Question

1. 28 g of iron shot is added to a graduated cylinder containing 40 ml of water. the water level rises to the 44 ml mark. from this information, calculate the density of iron.
2. the density of lead is 11.342 g/ml. what would be the volume of a 200.0 kg sample of this metal?
3. calculate the density in g/l if a block of silver (ag) has a mass of 34.6 ng with a volume of 1300.0 microliters.

Explanation:

Problem 6:

Step1: Find the volume of iron

The initial volume of water is 40 mL, and the final volume is 44 mL. The volume of iron ($V$) is the difference between the final and initial volumes.
$V = 44\ mL - 40\ mL = 4\ mL$
Since 1 mL = 1 $cm^3$, $V = 4\ cm^3$

Step2: Calculate the density of iron

Density ($
ho$) is given by the formula $
ho=\frac{m}{V}$, where $m$ is the mass and $V$ is the volume. The mass of iron ($m$) is 28 g.
$
ho=\frac{28\ g}{4\ cm^3}=7\ g/cm^3$
Since 1 $cm^3$ = 1 mL and 1000 mL = 1 L, but for density in $g/cm^3$ (or $g/mL$) to $g/L$, we know that 1 $g/cm^3$ = 1000 $g/L$. Wait, actually, let's check the units again. Wait, the volume here is in mL, and we can also calculate density in $g/mL$ first and then convert to $g/L$. But in this case, the volume of iron is 4 mL (which is 4 $cm^3$). So density in $g/mL$ is $\frac{28\ g}{4\ mL}=7\ g/mL$. To convert to $g/L$, since 1 L = 1000 mL, we multiply by 1000: $7\ g/mL\times1000\ mL/L = 7000\ g/L$. But actually, the standard density of iron is often expressed in $g/cm^3$ or $kg/m^3$, but following the calculation:

Wait, maybe I made a mistake. Wait, the volume of the iron is the displacement, so 44 mL - 40 mL = 4 mL. Mass is 28 g. So density $
ho=\frac{m}{V}=\frac{28\ g}{4\ mL}=7\ g/mL$. Since 1 mL = $10^{-3}$ L, so $7\ g/mL = 7\ g/(10^{-3}\ L)=7\times10^{3}\ g/L = 7000\ g/L$. But also, $g/cm^3$ is equal to $g/mL$ and $1\ g/cm^3 = 1000\ kg/m^3$ or $1000\ g/L$. So the density of iron here is 7 g/mL or 7000 g/L. But maybe the question just wants it in $g/cm^3$ (which is same as $g/mL$) or $g/L$. Let's confirm the steps again.

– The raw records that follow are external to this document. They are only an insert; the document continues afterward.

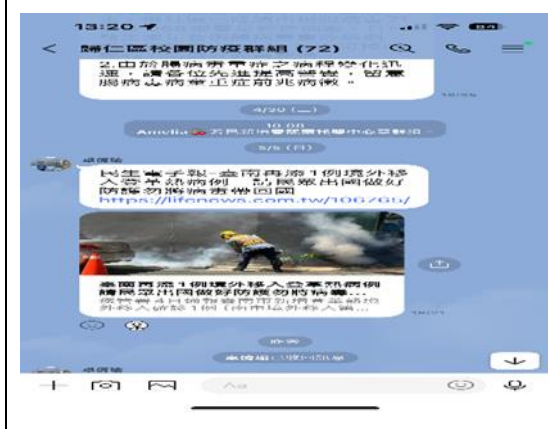
說明：登革熱防治資訊。
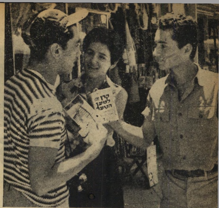
האחד שסרב. "תרמתי כבר חמש פעמים," בתרוץ הנצחי עממי זה ניסה להפטר מסרדנותי אדם זה. למרות שידעתי כי אין אמת בפיו.
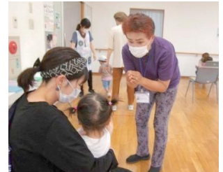
乳幼児健診での声かけの様子

子育て経験者をはじめとする身近な地域の人たちが、保護者等の子育てや家庭教育に関する相談にのったり、親子で参加する様々な取組や講座などの学習機会、地域の情報などを提供したりしています。
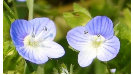
オオイヌノフグリ(花)
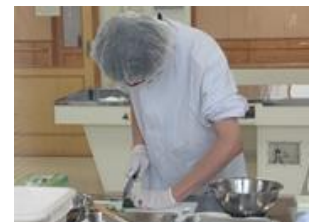
キュウリの薄切りに挑戦中

また、17日(土)には、広島大学で第2回広島県特別支援学校接客技能検定が行われ、本校からは、28名の生徒が受検をしました。今後も、様々な場での経験をもとに生徒が成長していけるよう、指導・支援をしていきたいと思っています。
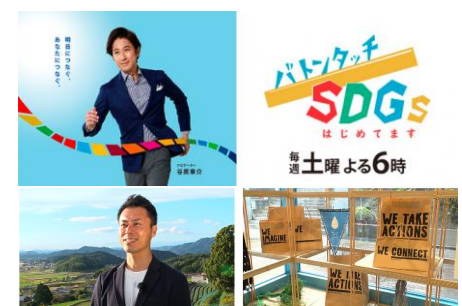
首都圏へのアプローチの成果としてメディア出演
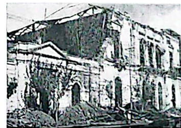
Vista de la Casa de Gobierno de la provincia de San Juan completamente destruida.
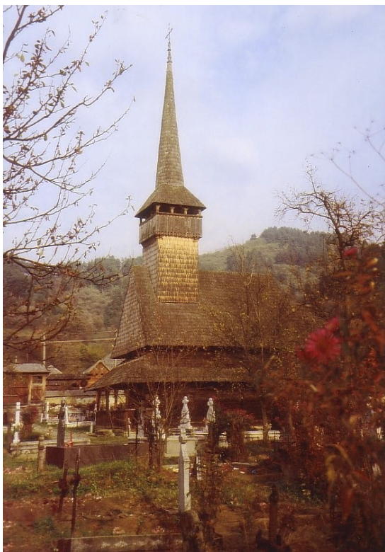
Holzkirche in Rozavlea im Maramures Gebirge
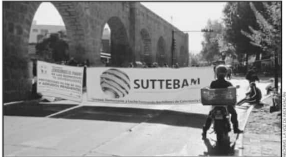
UNA DE LAS PREOCUPACIONES ES EL ADEUDO GENERALIZADO DE LAS CUOTAS OBRERO PATRONALES, ASEGURA DIRIGENTE.

El dirigente agregó que como año también está el tema del aumento salarial está incluido en el tema, "cada año lo vemos, la expectativa es que se dé un aumento considerable nosotros en los años pasados exigimos un aumento del 50 por ciento, pero sobre la práctica nunca se ha dado".
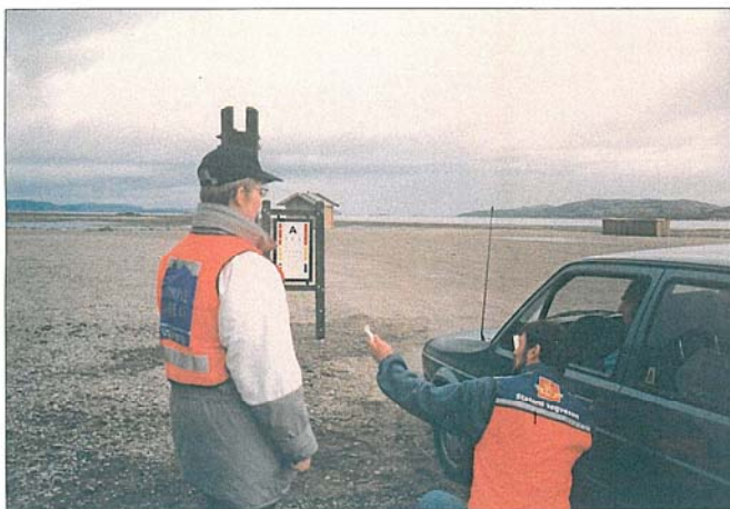
Synstesttavler ble satt opp fire plasser i fylket høsten '96. Her fra åpningsdagen på Bjørnnes utenfor Lakselv.
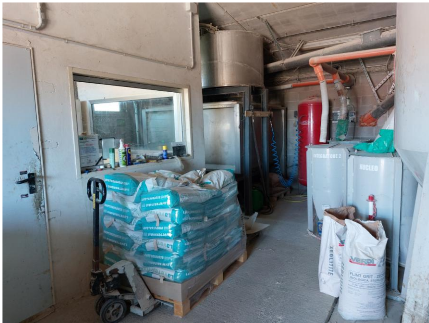
Foto n.20: Particolare interno del locale tecnico al piano terra (Bene F). Notare il pavimento in battuto di cemento e l'impianto elettrico del tipo fuori traccia protetto da canaline per cavi. È visibile sulla destra dell'immagine il locale comandi.

Step1: Convert mass to grams

The mass of the lead sample is 200.0 Kg. Since 1 Kg = 1000 g, we convert:
$m = 200.0\ Kg\times1000\ g/Kg = 200000\ g$

Step2: Use density formula to find volume

Density ($
ho$) is given by $
ho=\frac{m}{V}$, so we can rearrange to find volume $V=\frac{m}{
ho}$. The density of lead ($
ho$) is 11.342 g/mL.
$V=\frac{200000\ g}{11.342\ g/mL}\approx17634.99\ mL$
To convert to liters, since 1 L = 1000 mL, $V=\frac{17634.99\ mL}{1000\ mL/L}\approx17.63\ L$ (or we can keep it in mL if needed, but let's check the units. Wait, the density is in g/mL, so volume will be in mL. Let's do the calculation more accurately.

$V=\frac{200000}{11.342}\approx17634.99\ mL = 17.63\ L$ (approx)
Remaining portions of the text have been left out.